UiPath Screen Agent Powered by Claude Opus 4.5 Receives Top Ranking from OSWorld

UiPath announced its UiPath Screen Agent powered by Claude Opus 4.5 achieved a No. 1 ranking on the OSWorld-Verified benchmark, an independent evaluation conducted by the OSWorld research group to validate the effectiveness of computer-use agents for enterprise-wide agentic AI deployments.

Agent and agentic benchmarks validate AI’s effectiveness in real use cases and task environments, giving enterprises the confidence to deploy AI across multiple workflows. The OSWorld benchmark provides a unified, integrated computer environment for assessing open-ended computer tasks that involve arbitrary applications. It uses a first-of-its-kind scalable, real computer environment for multimodal agents, providing validation across 369 computer tasks involving web and desktop apps in open domains, OS file IO, and workflows spanning multiple operating systems and applications.

A core technology for UiPath ScreenPlay, UiPath Screen Agent uses common large language models (LLMs) that allow for the use of natural language to simply and easily create user interfaces (UI) to automate and execute end-to-end complex tasks. The ranking of UiPath Screen Agent powered by Claude Opus 4.5 validates its effectiveness, weighing its performance against both general-purpose and specialized computer-using models, as well as other agentic frameworks evaluated in the benchmark.

“Having had an early look at UiPath ScreenPlay, we’re excited about its potential to meaningfully improve how we scale automation.
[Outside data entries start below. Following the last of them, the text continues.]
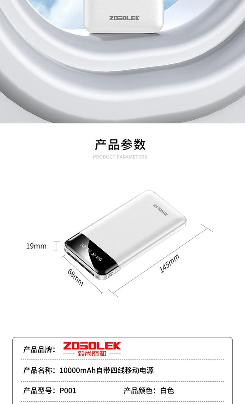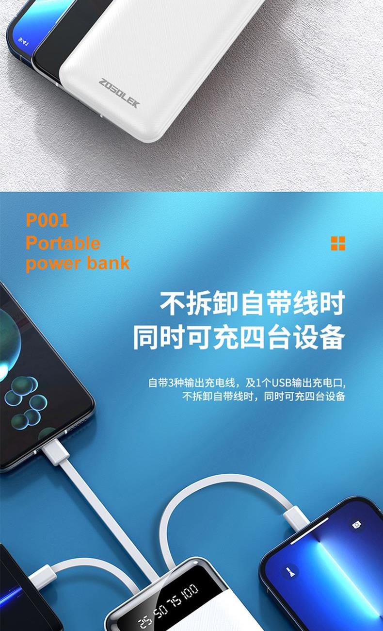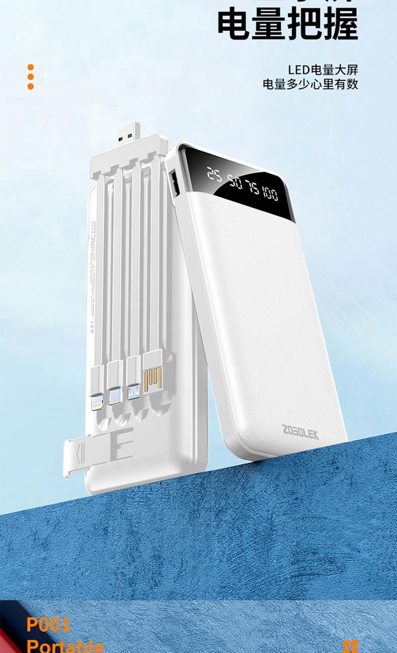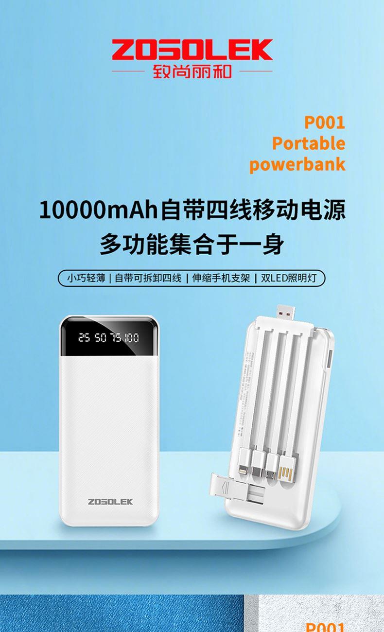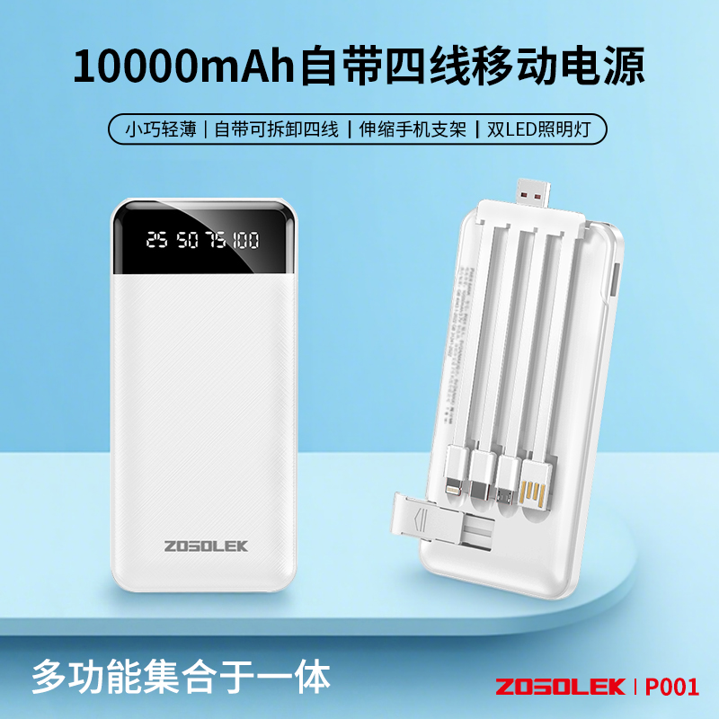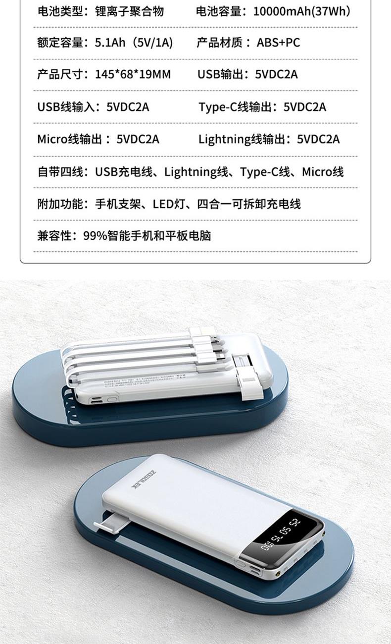 产品特点:1、多功能一体设计,小巧轻薄,携带方便;2、通过中国强制3C认证,符合中国安全标准,实标10000mAh容量,不玩虚假;3、自带四合一可拆卸充电线,出门无需带线;4、充电线拆卸时可以作为一拖三充电线使用,未拆卸时可以输入给自己充电,也可以同时输出充多台设备;5、智能5V2A输入输出,自带3种输入方式及5种输出方式,可满足大部分数码设备的日常应急充电需求;6、自带伸缩手机支架,解放双手,实用方便;7、自带双LED照明灯,黑暗环境使用无忧;8、数显电量,电量由您掌控;9、彩盒包装,支持各类定制需求。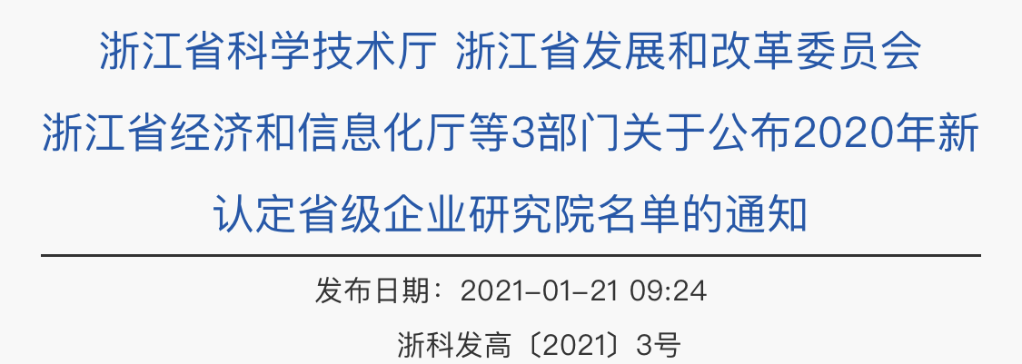 日前,浙江省科技厅、浙江省发展和改革委员会、浙江省经济和信息化厅三部门联合下发《关于公布2020年新认定省级企业研究院名单的通知》(浙科发高〔2021〕3号),“浙江省半岛(中国)智能冷镦成形装备研究院”被认定为省级企业研究院。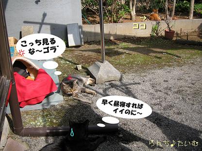 以外に陽が射してて暖かかったので ネコトリオはお庭で日向ぼっこでした
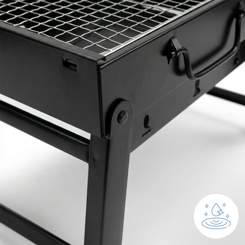 Bought this foldable grill for beach trips with friends. It heats quickly, handles plenty of skewers, and the stainless surface wipes clean with just a damp cloth.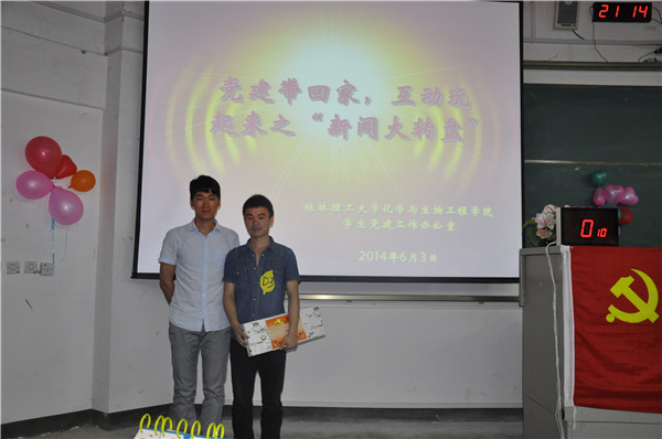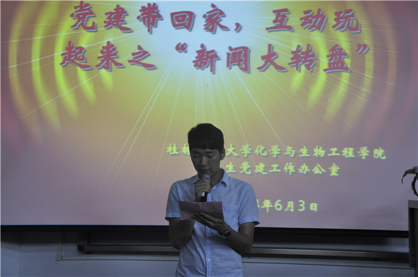 学生党建办公室主办的党建带回家,互动玩起来之“新闻大转盘”活动在雁山校区05101室举行。学生党建办公室主任何宗辉老师、工口漫画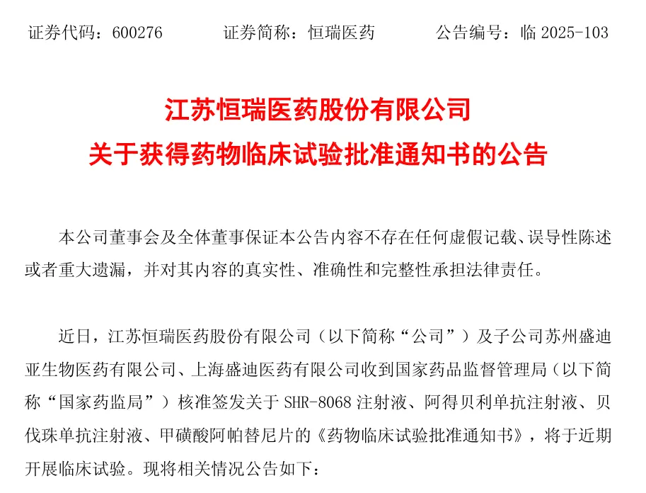 7月17日,恒瑞医药发布公告,公司收到国家药品监督管理局核准签发关于SHR-8068注射液、阿得贝利单抗注射液、贝伐珠单抗注射液和甲磺酸阿帕替尼片的《药物临床试验批准通知书》,将于近期开展临床试验。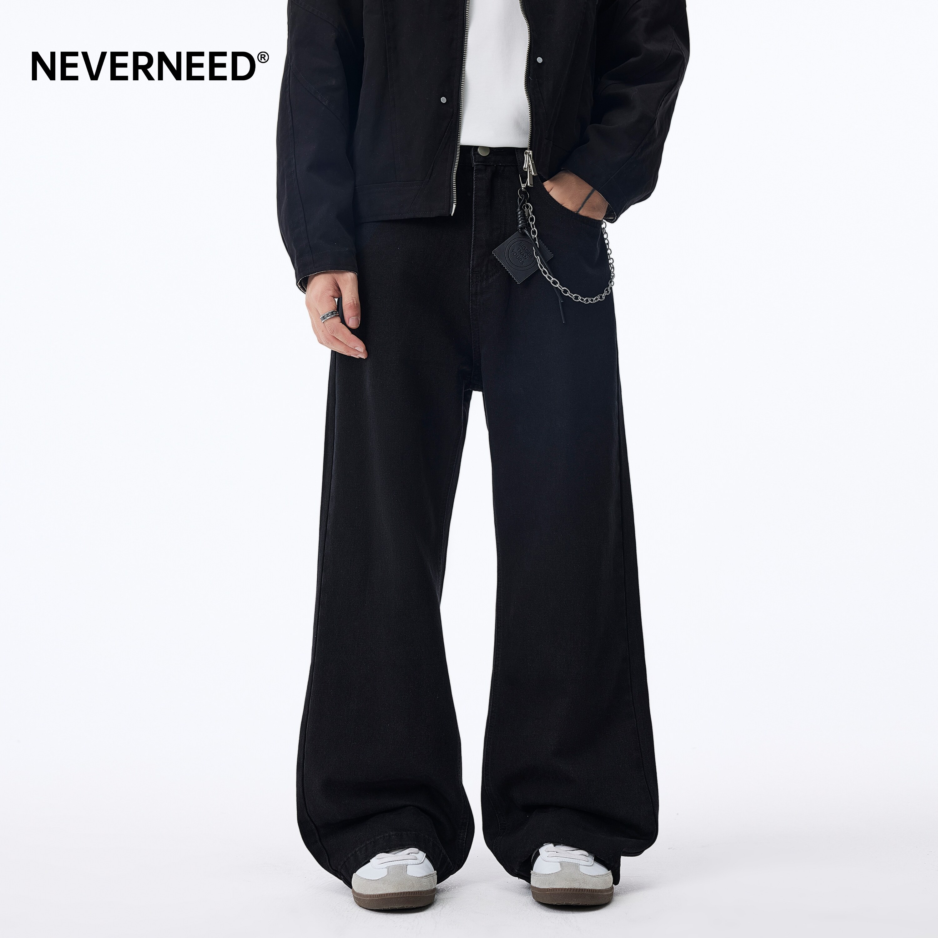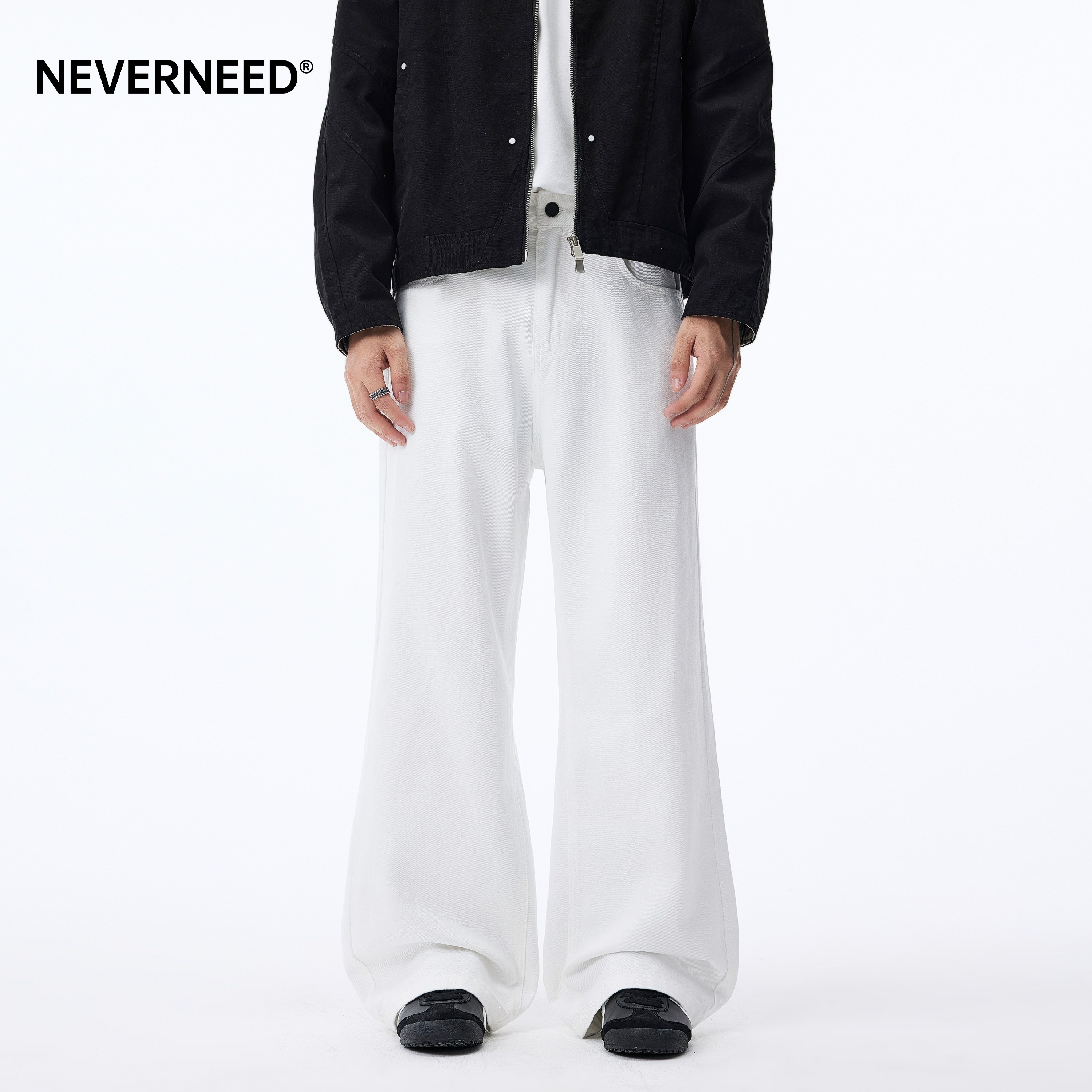 NEVERNEED白色宽松直筒牛仔裤男女秋冬季加绒美式休闲A字阔腿长裤

Its adaptive intelligence could support our growing partner ecosystem while helping reduce ongoing maintenance so our teams can stay focused on growth,” said Noble Keyser, Manager of Enterprise AI and Automation, SimpleTire.

This milestone builds on UiPath’s continued progress in advancing UI automation with agentic AI, following the September 2025 OSWorld ranking of UiPath Screen Agent powered by OpenAI GPT-5 at No. 2 on the same benchmark.

“Organizations need the confidence that their large-scale commitments to AI will pay off, which is where benchmarks can be incredibly helpful in validating specific use cases and critical workflows,” said Mircea Neagovici-Negoescu, Senior Vice President of AI and Research, UiPath. “Investing in AI and agents at enterprise speed and scale can be daunting. This ranking underscores UiPath ongoing investment in this area and its commitment to empowering customers with enterprise-grade computer-use capabilities.”